With the services rid of unwanted flab, the ARC has suggested a leadership cadre — Senior Executive Service (SES) — to be created where officers are selected from among other services such as police, customs and income tax as well as from the private sector. This united and cohesive group would be responsible for higher level policy advice, managerial and professional responsibilities, and would be hired on fixed-term contracts at market-competitive remuneration.

This selection of the “very best of society for the most challenging assignments” would be handled by “an independent, suitably empowered authority outside the government”. Besides selection, this authority would fix the terms and conditions of employment, tenure, performance requirement and termination as well as spell out their development, mobility, promotion and tenure.

The pay for the SES would be retained at present government level with a “performance-related component” to match it with market rates so as to attract and retain the best brains, says the report, a copy of which has been sent to industry stalwarts Mukesh D Ambani, K Vaman Kamath and Kumar Mangalam Birla.

The Sixth Pay Commission yesterday suggested a scheme for performance-related incentives for Central government employees and suggested that more posts be created on functional considerations and filled though an “open selection” from within or outside the government. It also suggested that senior technical or specialized posts be filled by “suitable officers” from within as well as outsiders on contract.
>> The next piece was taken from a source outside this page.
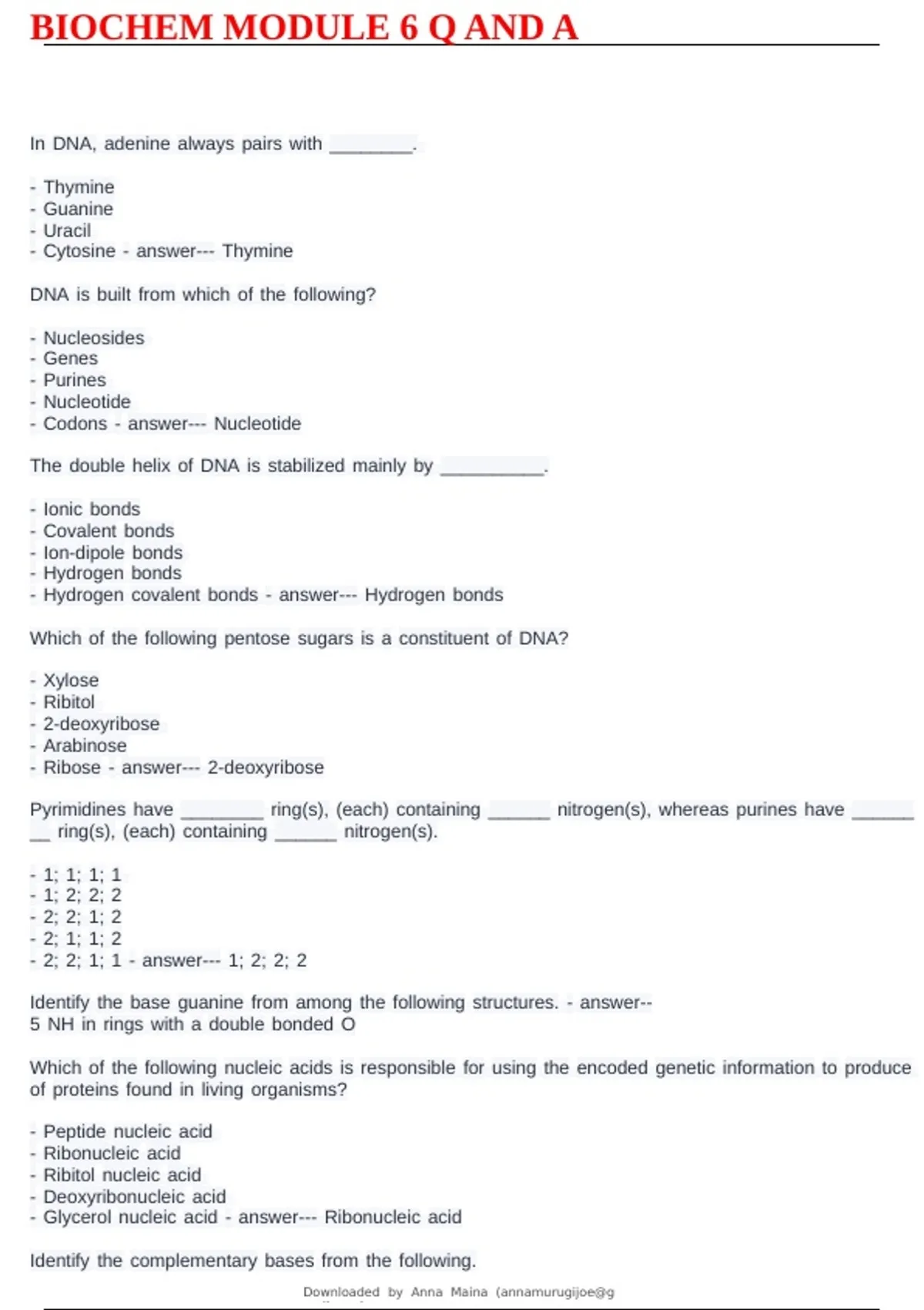 BIOCHEM MODULE 6 Q AND A

In line with the Pay Commission’s report, the ARC has also backed assigning specific domains to bureaucrats early in their careers, say from the ninth or tenth year, and retaining them in the domain throughout the service career. This is aimed at serving as the launching board for the SES cadre.

Another feature suggested by ARC is security of tenure that has got ruined not necessarily because of intended punishment, but poor personnel management. “The reforms in this context should consist of (a) declaration of normal tenures for every post (b) requirement of an external authority to monitor postings, and place before the legislatures a periodic evaluation of average tenures of each post,” says the draft report.

The authority would also be entrusted the job of enforcing a proposed civil services law that would provide a legal basis to the legislatures to codify the public service standards, ethical values and culture they would want in the service and how these should be implemented.

And to ensure that “young people infused with a sense of idealism and public service” constitute the bulk of bureaucracy, the ARC suggests that the maximum age for writing civil service entrance examination be lowered to 25 years from 30 years for general candidates with writing attempts reduced to three from four.

For Scheduled Castes and Scheduled Tribes, it recommends maximum age of 29 years instead of 35 years with attempts restricted to six instead of unlimited and for Other Backward Classes, 28 years with five attempts instead of seven.